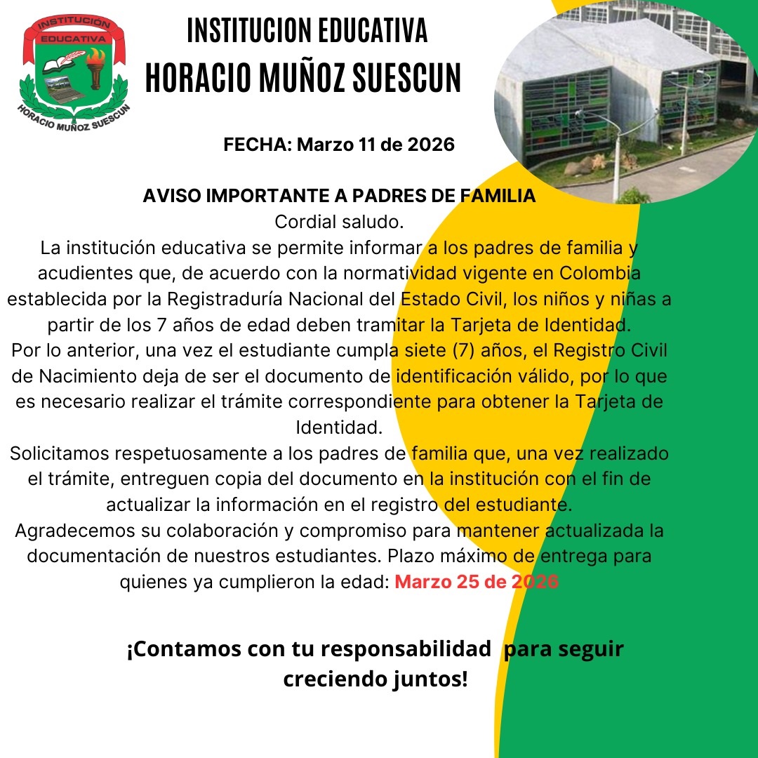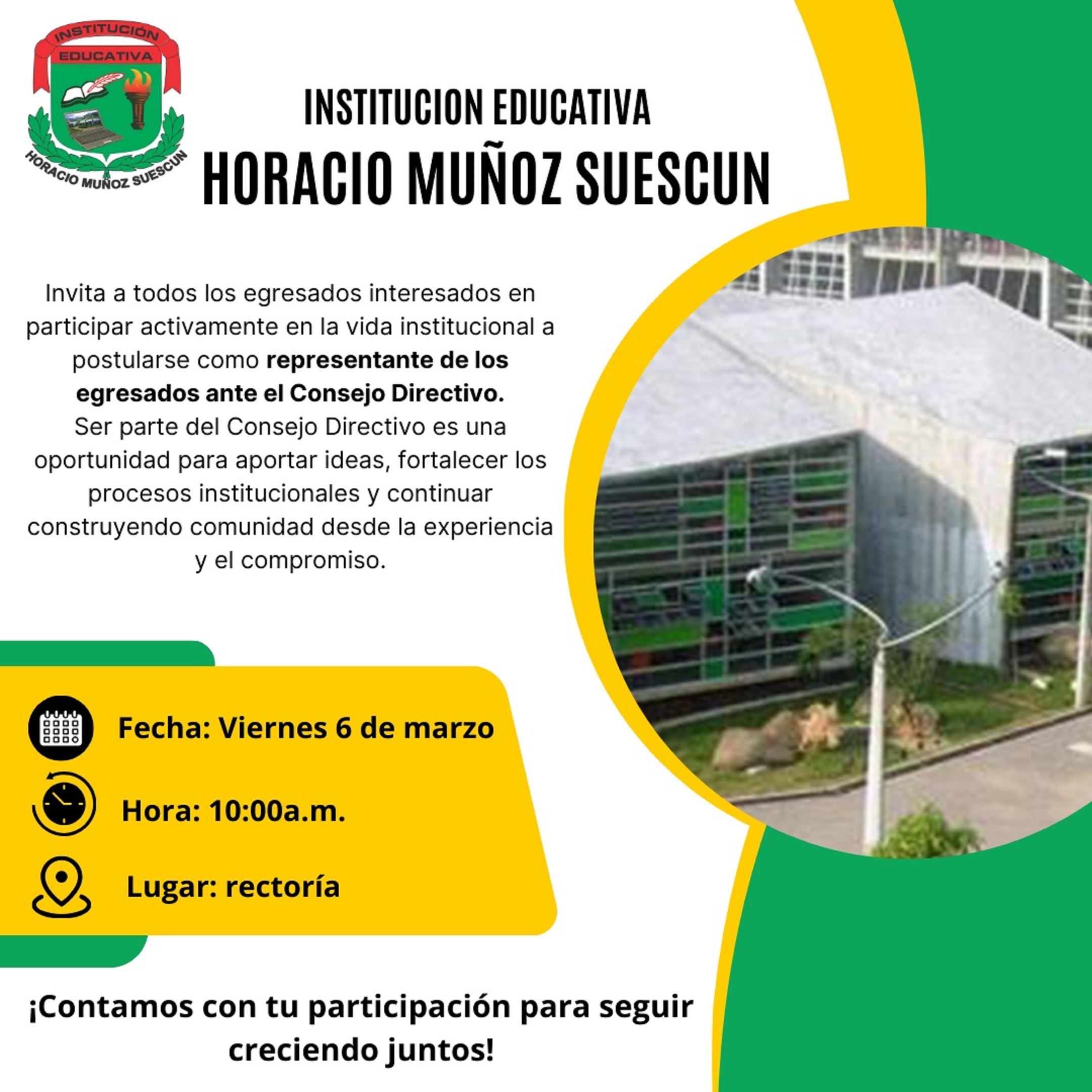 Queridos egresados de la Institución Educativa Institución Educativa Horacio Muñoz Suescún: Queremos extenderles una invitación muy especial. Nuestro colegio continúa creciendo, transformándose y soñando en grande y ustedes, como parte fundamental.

==

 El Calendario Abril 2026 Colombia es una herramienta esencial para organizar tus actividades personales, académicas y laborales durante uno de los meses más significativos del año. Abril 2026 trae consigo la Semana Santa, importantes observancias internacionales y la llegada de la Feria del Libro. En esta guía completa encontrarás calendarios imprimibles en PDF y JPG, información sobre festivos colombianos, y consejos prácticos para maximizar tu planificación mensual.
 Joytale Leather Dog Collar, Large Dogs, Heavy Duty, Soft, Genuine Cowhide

◆ Task brief ◆
A verbatim transcription is needed of the lines above, starting at the line with "El Calendario Abril" and ending at the line with "Joytale Leather Dog", both included, and of nothing else.

◆ Response area ◆
 El Calendario Abril 2026 Colombia es una herramienta esencial para organizar tus actividades personales, académicas y laborales durante uno de los meses más significativos del año. Abril 2026 trae consigo la Semana Santa, importantes observancias internacionales y la llegada de la Feria del Libro. En esta guía completa encontrarás calendarios imprimibles en PDF y JPG, información sobre festivos colombianos, y consejos prácticos para maximizar tu planificación mensual.
 Joytale Leather Dog Collar, Large Dogs, Heavy Duty, Soft, Genuine Cowhide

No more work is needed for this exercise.